*What is needed*
When you repeat the listing below, keep every word exactly and leave out each picture.

*Exercise material*
* * * * * * * * *
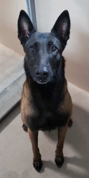 “Xina” is a 3-year-old female Belgian malinois with a brown and black coat.
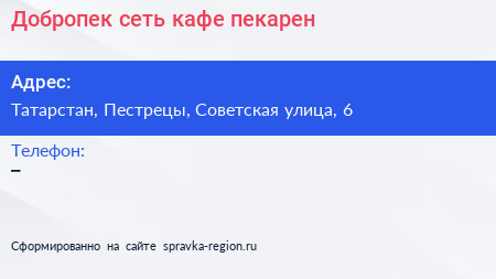 Добропек, сеть кафе-пекарен по адресу Татарстан, Пестрецы, Советская улица, 6 в дальнейшем Организация, размещена в следующих категориях:
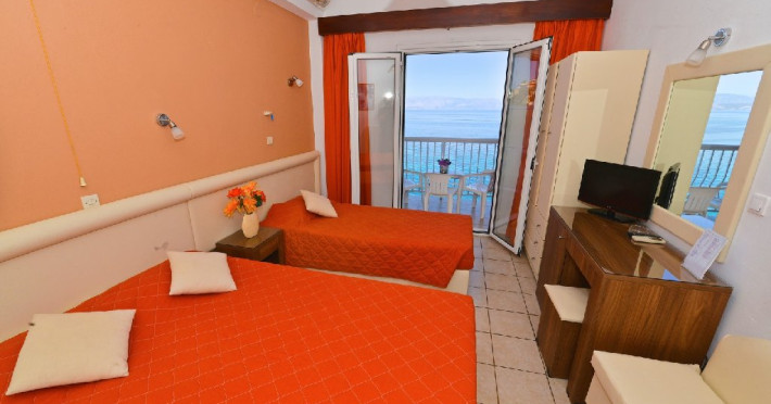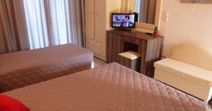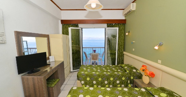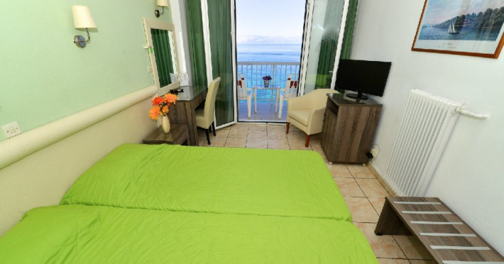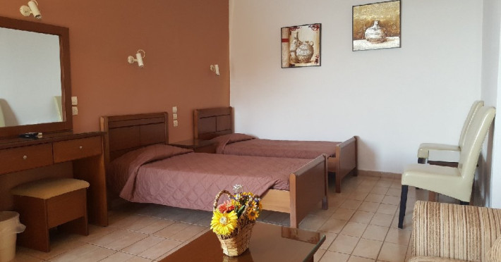 Localizare: Hotelul Oasis este situat in Perama, la 7 km de centrul orasului Corfu, la 5 km de aeroport si la 4 km de statiunea Benitses.Hotelul are 3 etaje si este distribuit interesant. Are un corp principal, plasat aproape de piscina si barul exterior, conectat in interior cu restaurantul (interior, exterior), barul si scarile ce duc la plaja suspendata, iar pe langa, la oarece distanta, sunt risipite prin vegetatia deasa, camere, apartamente cu mici terase in fata.
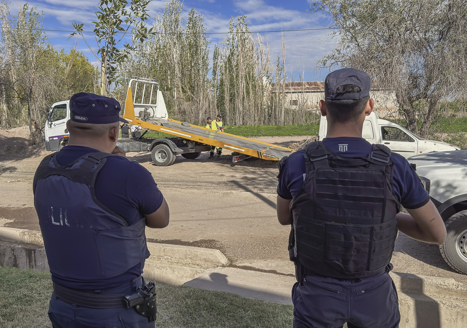 El operativo pasó por Buena Nueva, Las Cañas y Dorrego, en alguna de las locaciones se retiró más de un vehículo estacionado hace tiempo en la calle.
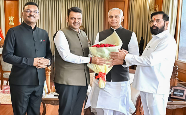 मुख्यमंत्री देवेंद्र फडणवीस यांनी आज राजभवन, मुंबई येथे राज्यपाल आचार्य देवव्रत यांची सदिच्छा भेट घेतली. या भेटीदरम्यान दोन्ही नेत्यांमध्ये सौहार्दपूर्ण संवाद झाला आणि राज्यातील सध्याच्या राजकीय तसेच सामाजिक परिस्थितीवर चर्चा झाली. मुख्यमंत्री फडणवीस यांनी राज्यपालांना दीपावलीच्या शुभेच्छा दिल्या तसेच नागरिकांच्या सुरक्षितता, सामाजिक ऐक्य आणि राज्याच्या विकासासाठी घेण्यात येणाऱ्या उपाययोजनांबाबत माहिती दिली. यावेळी त्यांनी परस्पर सहयोग आणि सहकार्य वाढविण्याच्या गरजेवरही भर दिला. या भेटीदरम्यान वातावरण अत्यंत मैत्रीपूर्ण आणि सुसंवादपूर्ण राहिले, ज्यातून नेतृत्वातील संवाद आणि पारदर्शकतेचा सकारात्मक संदेश मिळाला.
* * * * * * * * *
*Written response*
 “Xina” is a 3-year-old female Belgian malinois with a brown and black coat.
 Добропек, сеть кафе-пекарен по адресу Татарстан, Пестрецы, Советская улица, 6 в дальнейшем Организация, размещена в следующих категориях:
 Localizare: Hotelul Oasis este situat in Perama, la 7 km de centrul orasului Corfu, la 5 km de aeroport si la 4 km de statiunea Benitses.Hotelul are 3 etaje si este distribuit interesant. Are un corp principal, plasat aproape de piscina si barul exterior, conectat in interior cu restaurantul (interior, exterior), barul si scarile ce duc la plaja suspendata, iar pe langa, la oarece distanta, sunt risipite prin vegetatia deasa, camere, apartamente cu mici terase in fata.
 El operativo pasó por Buena Nueva, Las Cañas y Dorrego, en alguna de las locaciones se retiró más de un vehículo estacionado hace tiempo en la calle.
 मुख्यमंत्री देवेंद्र फडणवीस यांनी आज राजभवन, मुंबई येथे राज्यपाल आचार्य देवव्रत यांची सदिच्छा भेट घेतली. या भेटीदरम्यान दोन्ही नेत्यांमध्ये सौहार्दपूर्ण संवाद झाला आणि राज्यातील सध्याच्या राजकीय तसेच सामाजिक परिस्थितीवर चर्चा झाली. मुख्यमंत्री फडणवीस यांनी राज्यपालांना दीपावलीच्या शुभेच्छा दिल्या तसेच नागरिकांच्या सुरक्षितता, सामाजिक ऐक्य आणि राज्याच्या विकासासाठी घेण्यात येणाऱ्या उपाययोजनांबाबत माहिती दिली. यावेळी त्यांनी परस्पर सहयोग आणि सहकार्य वाढविण्याच्या गरजेवरही भर दिला. या भेटीदरम्यान वातावरण अत्यंत मैत्रीपूर्ण आणि सुसंवादपूर्ण राहिले, ज्यातून नेतृत्वातील संवाद आणि पारदर्शकतेचा सकारात्मक संदेश मिळाला.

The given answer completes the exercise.